In China, wet markets are traditional markets that sell fresh meat, produce, and other perishable goods. They are the most prevalent food outlet in urban regions of China but have faced increasing competition from supermarkets. Since the 1990s, wet markets in large cities have been predominantly moved into modern indoor facilities.

Wildlife is not commonly sold in wet markets in China, but poorly-regulated wet markets have been linked to the spread of zoonotic diseases, including the 2002–2004 SARS outbreak, 2013 avian influenza outbreak, and the COVID-19 pandemic. Small-scale wildlife farming emerged in China in the 1980s and expanded in the 1990s with government support. Wildlife was banned from Chinese wet markets in 2003, with further restrictions and enforcement in 2020 following the spread of COVID-19.

Modernization
Since the 1990s, large cities across China have moved traditional outdoor wet markets to modern indoor facilities. In 1999, all roadside markets in Hangzhou were banned and moved indoors. By 2014, all wet markets in Nanjing were moved indoors.

As of 2018, wet markets remain the most prevalent food outlet in urban regions of China despite the rise of supermarket chains since the 1990s. In 2016, a Meat & Livestock Australia study of imported meat consumers in 15 Chinese cities found that 39% of those consumers had purchased beef from a wet market in the preceding month, while the same proportion who had purchased beef from a supermarket in the preceding month. However, wet markets have been losing ground in popularity compared to supermarkets, despite the fact they may be seen as healthier and more sustainable. Reports suggest "although there are well-managed, hygienic wet markets in and near bigger cities [in China], hygiene can be spotty, especially in smaller communities." During the 2010s, "smart markets" equipped with e-payment terminals emerged as traditional wet markets faced increasing competition from discount stores. Wet markets also began facing competition from online grocery stores, such as Alibaba's Hema stores.

Wildlife markets

The trade of wildlife is not common in China, particularly in large cities, and most wet markets in China do not contain live or wild animals besides fish held in tanks. In the early 1980s, small-scale wildlife farming began under the Chinese economic reform. It began to expand nationwide with government support in the 1990s, but was largely concentrated in the southeastern provinces.
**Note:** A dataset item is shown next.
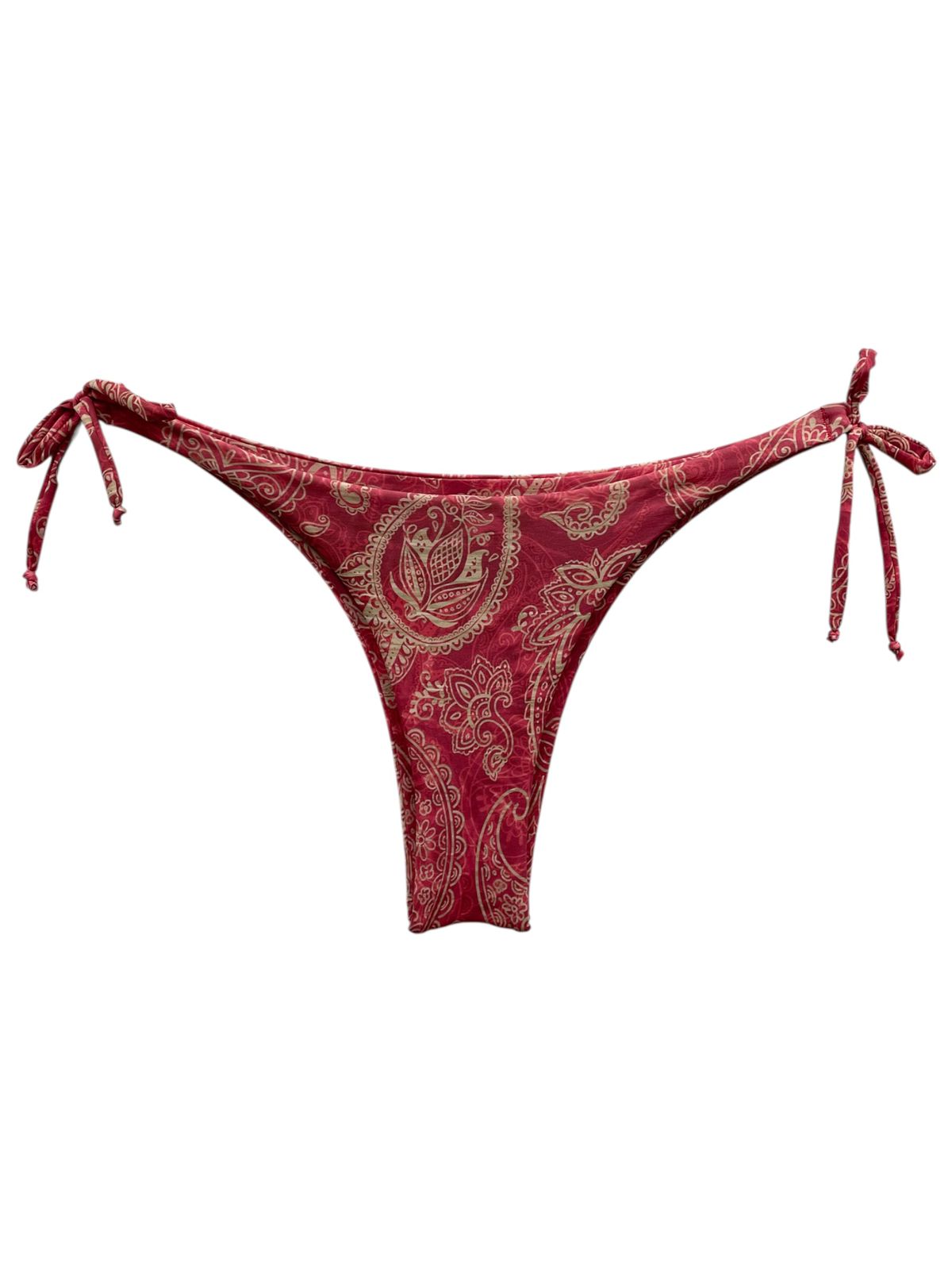 Tanga de biquíni estampada lateral estreita com amarração e acabamento com elástico embutido. Modelagem pequena.
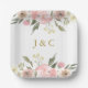 Assiettes En Carton Élégant Mariage de monogramme rose rose or

Some poorly-regulated Chinese wet markets provided outlets for the wildlife trade industry that was estimated by the Chinese Academy of Engineering to employ roughly 14 million people and to be worth more than $73 billion in 2016, of which $59 billion was for fur rather than for food or medicinal purposes.
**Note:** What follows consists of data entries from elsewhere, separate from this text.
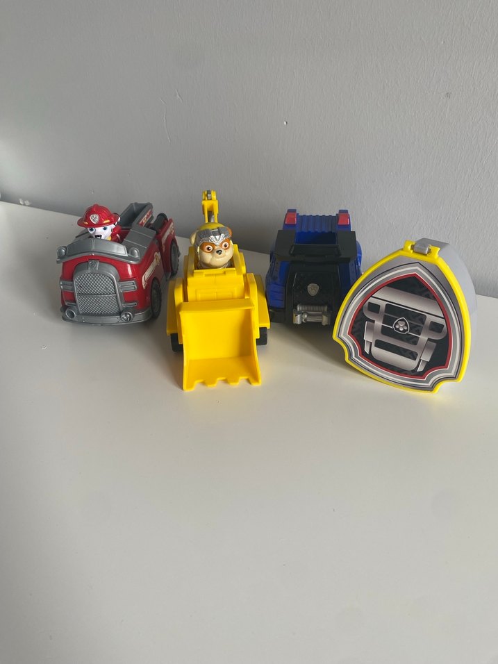 İtfaiye aracı, kepçe ve karakter figürlü çeşitli renkli oyuncak araçlar seti. Canlı sarı ve kırmızı renkler dikkat çekiyor.
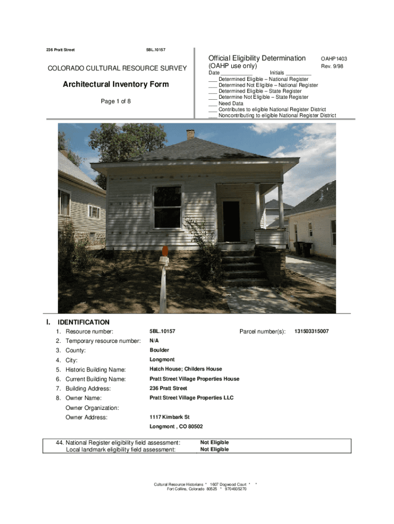 236 Pratt Street5BL.10157Official Eligibility Determination (OAHU use only)COLORADO CULTURAL RESOURCE Surveyable ___ Initials ___ ___ Determined Eligible National Register ___ Determined Not Eligible
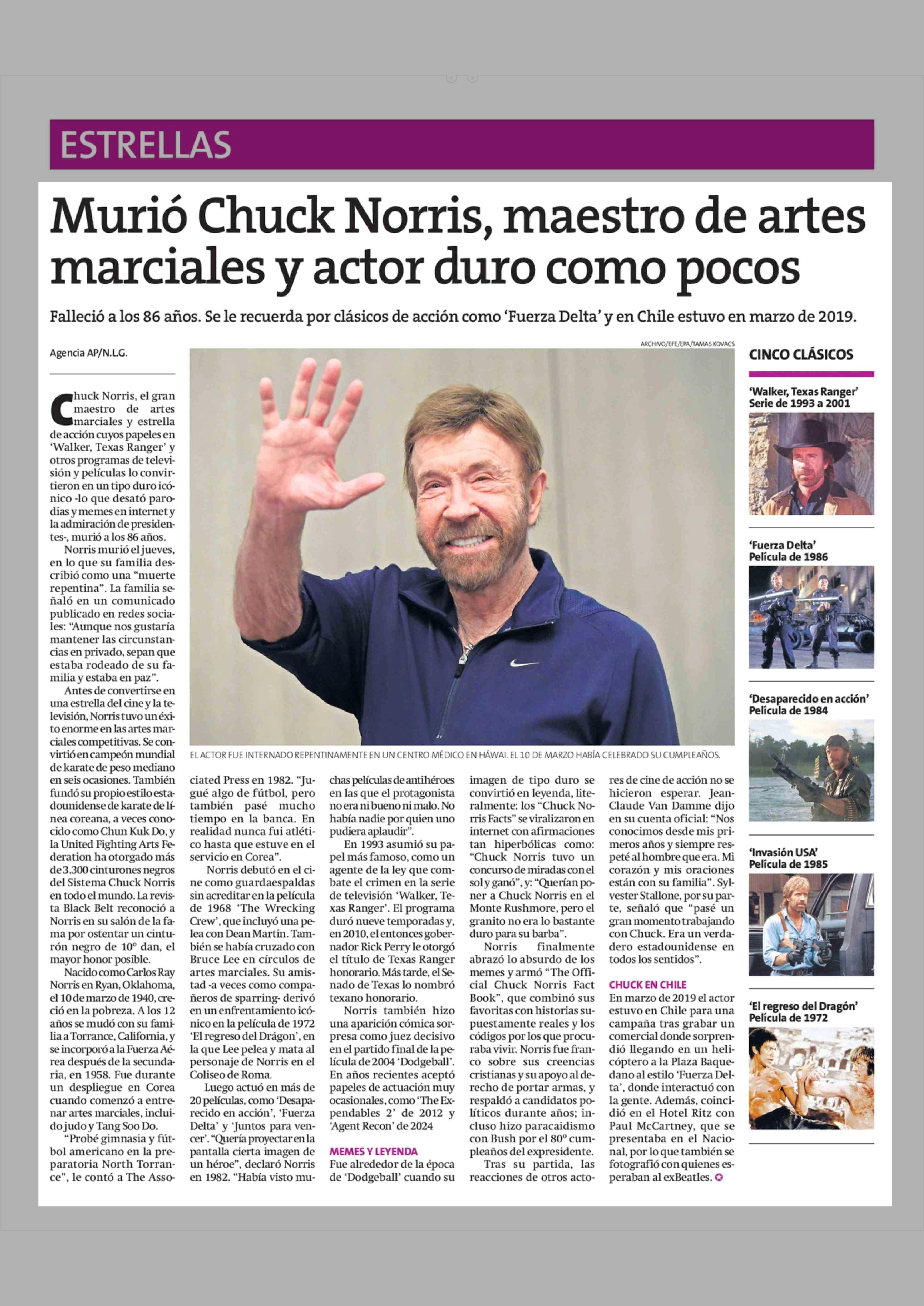 Título: Murió Chuck Norris, maestro de artes marciales y actor duro como pocos

Bans following SARS and avian influenza outbreaks

In 2003, wet markets across China were banned from holding wildlife after the 2002–2004 SARS outbreak, which was directly tied to such practices. In 2014, live poultry was banned from all markets in Hangzhou due to the H7N9 avian influenza outbreak. Several provinces in China also banned the sale of live poultry following the avian influenza outbreak.
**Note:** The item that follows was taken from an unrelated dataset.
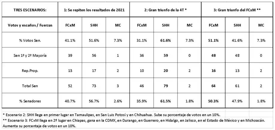 Si bien la coalición oficialista puede fácilmente renovar su mayoría absoluta en el Senado, le es prácticamente imposible, en cambio, conseguir la mayoría calificada (86 de 128 escaños). En efecto, las reglas del reparto de las curules hacen que dicha meta sea casi imposible de alcanzar para cualquier partido o coalición que se presente unida en los 32 estados. Para ello, tendrían que llegar en primer lugar en todos los estados de la República (64 senadores) y obtener el 68.75 % del voto (22 senadores de representación proporcional). Por cada estado en el que sólo alcanzasen la segunda posición, requerirían aumentar su porcentaje de voto en un 3.125 %. Por ello, para unos partidos que son aliados, una mejor estrategia es ir por separado en los estados en los que puedan lograr el primero y el segundo lugar. De hecho, SHH sólo presenta candidaturas comunes en 20 estados. Pero sólo en Chiapas se antoja factible que dos de los partidos de la 4T logren el primer y segundo lugar, aunque la ventaja del PVEM sobre FCxM en 2021 fue de sólo 1.9 puntos. En el caso en que los partidos fieles a la 4T fuesen los más votados en todos los estados en los que aventajan (según los resultados de 2021), lograsen triunfar en Tamaulipas (desventaja de 2 puntos), en San Luis Potosí (desventaja de 9.3) y en Chihuahua (desventaja de 11.2) e incrementaran su caudal en diez puntos para obtener el 61.6 % de los votos válidos, sólo alcanzarían 79 senadores (el 61.5 % del total). Los demás estados parecen fuera de su alcance, ya que en ellos FCxM cuenta con una ventaja mayor a 20 puntos porcentuales.

Links to the origin of COVID-19

The exact origin of the COVID-19 pandemic is yet to be confirmed as of February 2021 and was originally linked to the Huanan Seafood Wholesale Market in Wuhan due to its early cluster of cases, although a 2021 WHO investigation concluded that the Huanan market was unlikely to be the origin due to the existence of earlier cases. Following the outbreak, epidemiology experts from China and a number of animal welfare organizations called to ban the operation of wet markets selling wild animals for human consumption.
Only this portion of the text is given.